An automatic end-to-end chemical synthesis development platform powered by large language models

The rapid emergence of large language model (LLM) technology presents promising opportunities to facilitate the development of synthetic reactions. In this work, we leveraged the power of GPT-4 to build an LLM-based reaction development framework (LLM-RDF) to handle fundamental tasks involved throughout the chemical synthesis development.
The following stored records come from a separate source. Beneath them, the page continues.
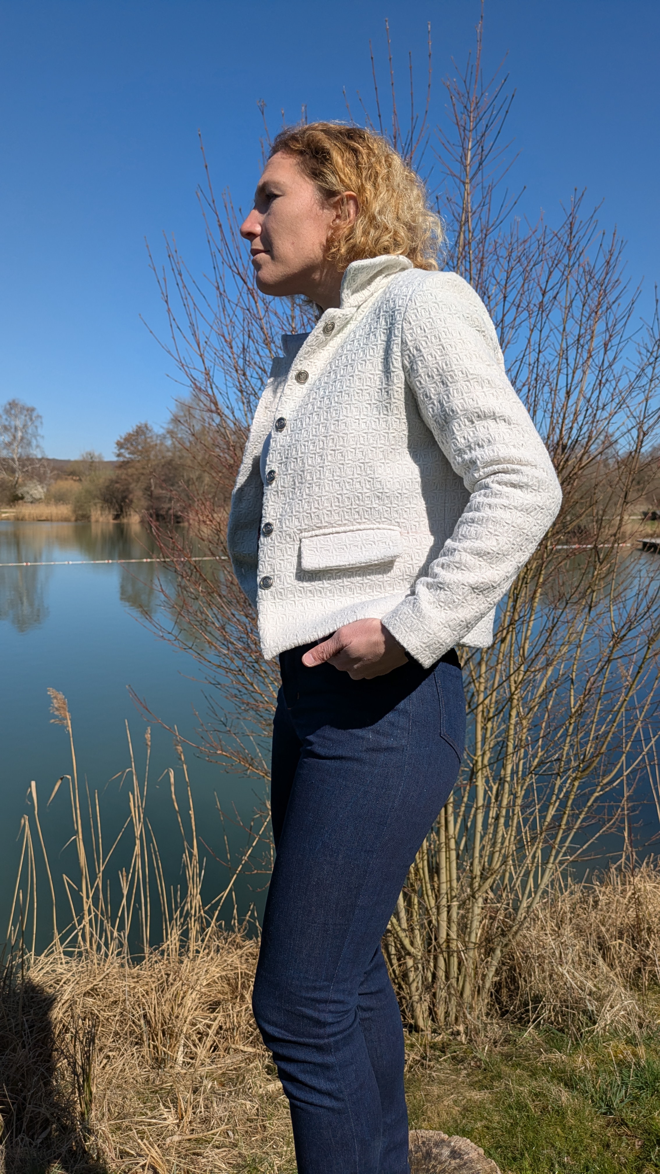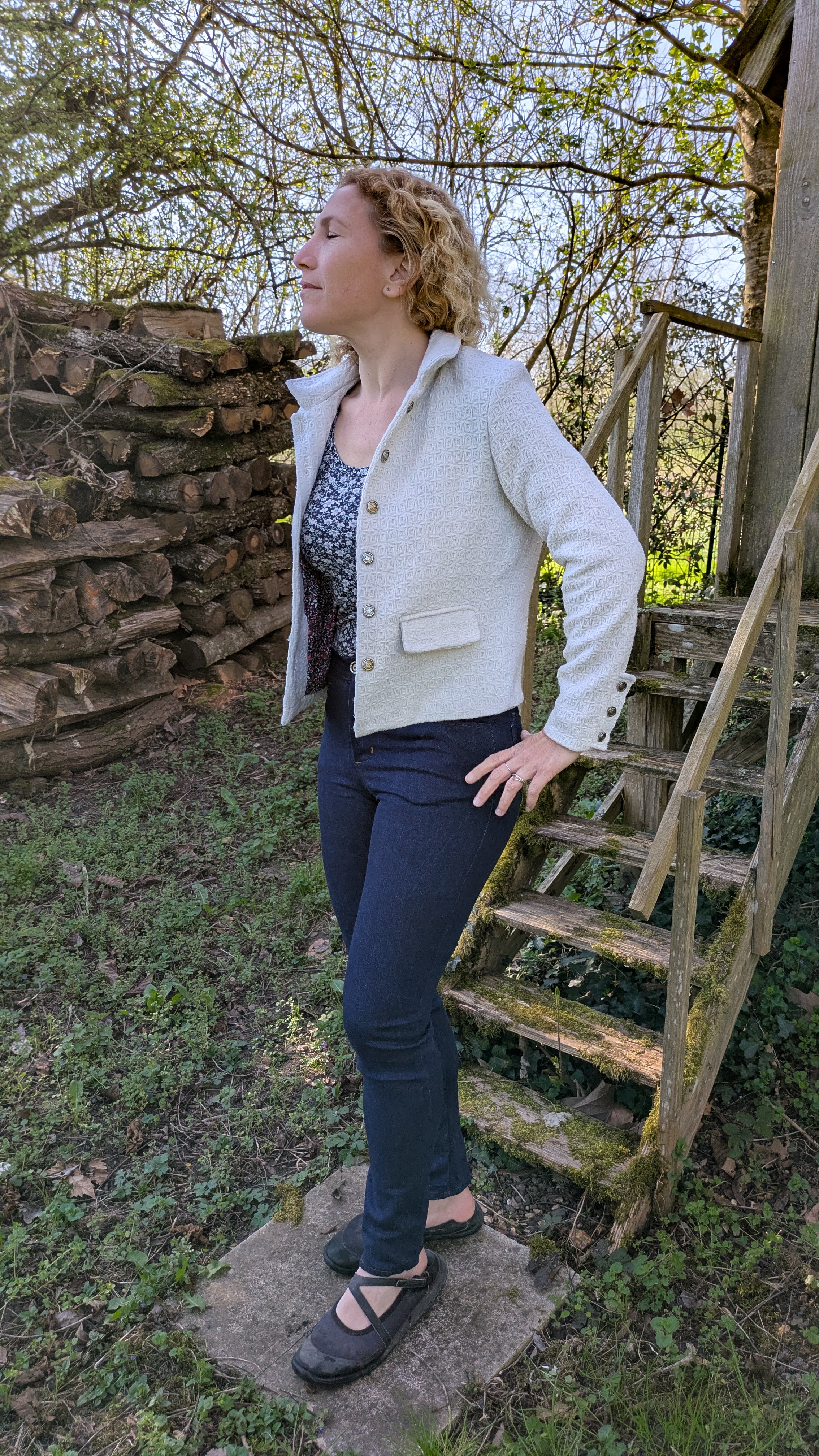 Bon ok en regardant la photo j’ai également retracé légèrement la patte de boutonnage des manches mais sinon j’ai été très disciplinée 😀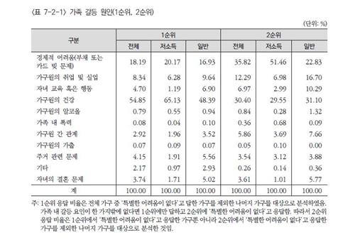 2024년 한국복지패널 조사에 따르면 가족내 근심이나 갈등의 18.2%가 경제적 어려움이 원인이었습니다. |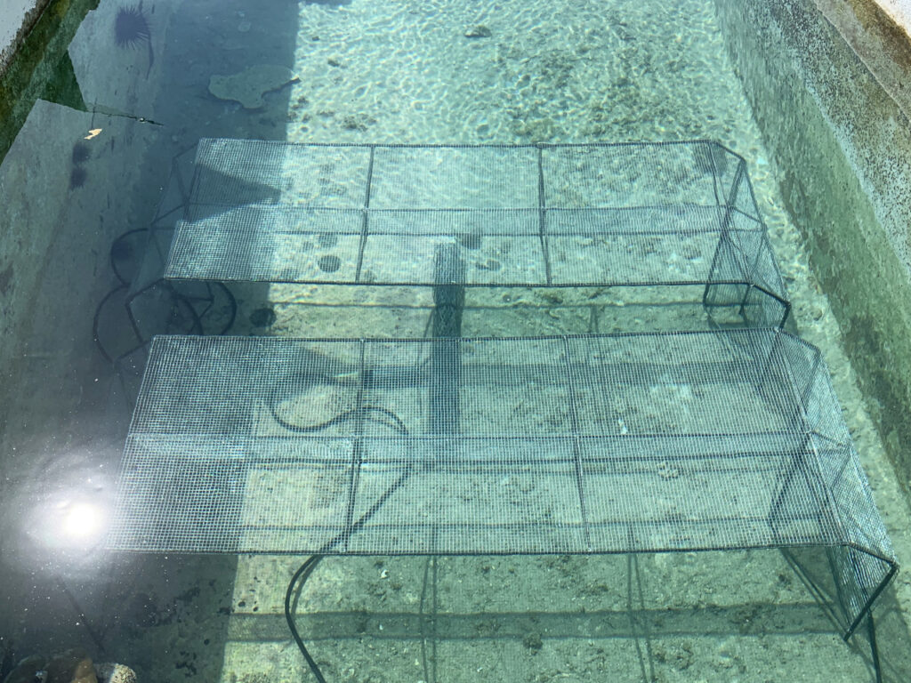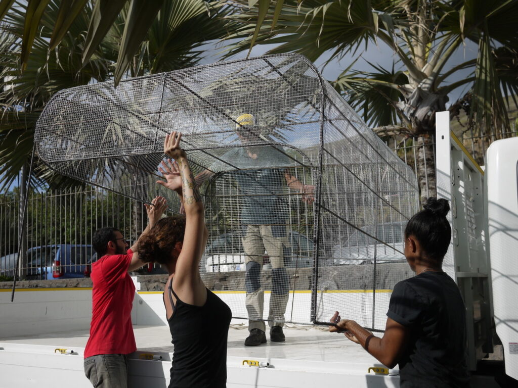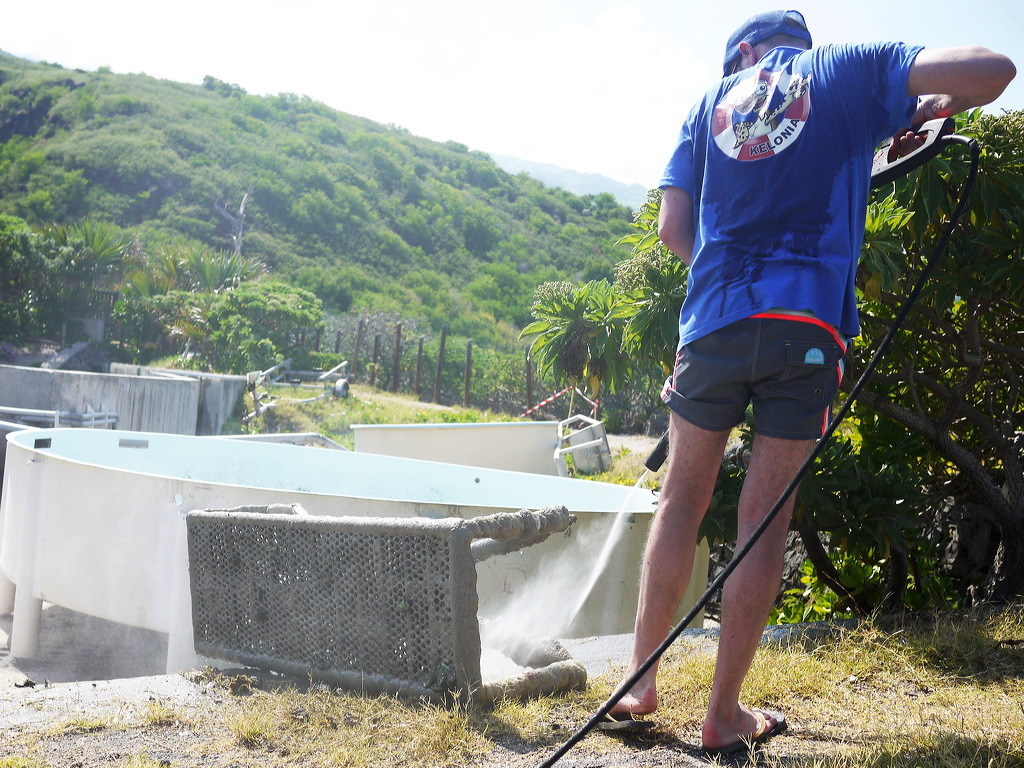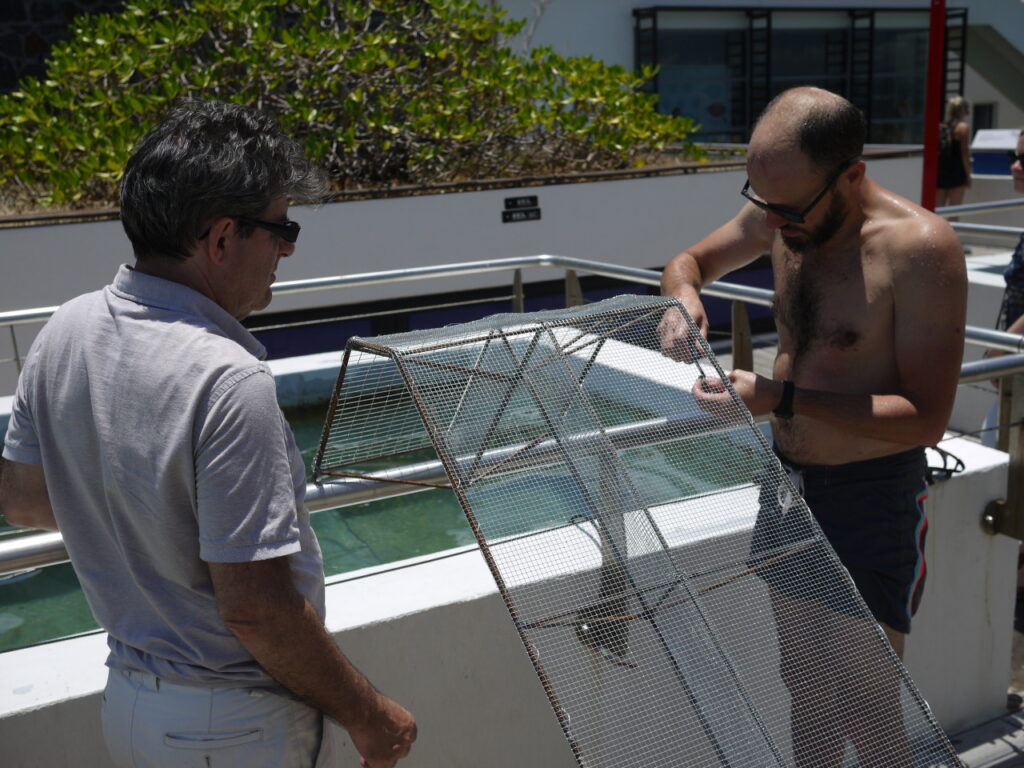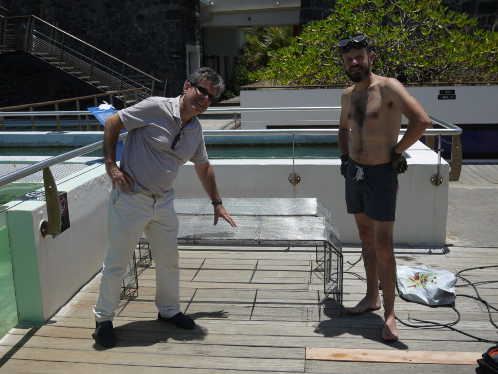 Immersion of the first prototype benches produced in the Kelonia basins for subsequent use around. A real In-situ production.

LLM-RDF comprises six specialized LLM-based agents, including Literature Scouter, Experiment Designer, Hardware Executor, Spectrum Analyzer, Separation Instructor, and Result Interpreter, which are pre-prompted to accomplish the designated tasks. A web application with LLM-RDF as the backend was built to allow chemist users to interact with automated experimental platforms and analyze results via natural language, thus, eliminating the need for coding skills and ensuring accessibility for all chemists. We demonstrated the capabilities of LLM-RDF in guiding the end-to-end synthesis development process for the copper/TEMPO catalyzed aerobic alcohol oxidation to aldehyde reaction, including literature search and information extraction, substrate scope and condition screening, reaction kinetics study, reaction condition optimization, reaction scale-up and product purification. Furthermore, LLM-RDF's broader applicability and versability was validated on various synthesis tasks of three distinct reactions (SNAr reaction, photoredox C-C cross-coupling reaction, and heterogeneous photoelectrochemical reaction). The rise of large language model (LLM) technology offers new opportunities for advancing chemical synthesis. Here, the authors developed an LLM-based reaction development framework (LLM-RDF) to copilot the design and experimental tasks throughout the end-to-end chemical synthesis development.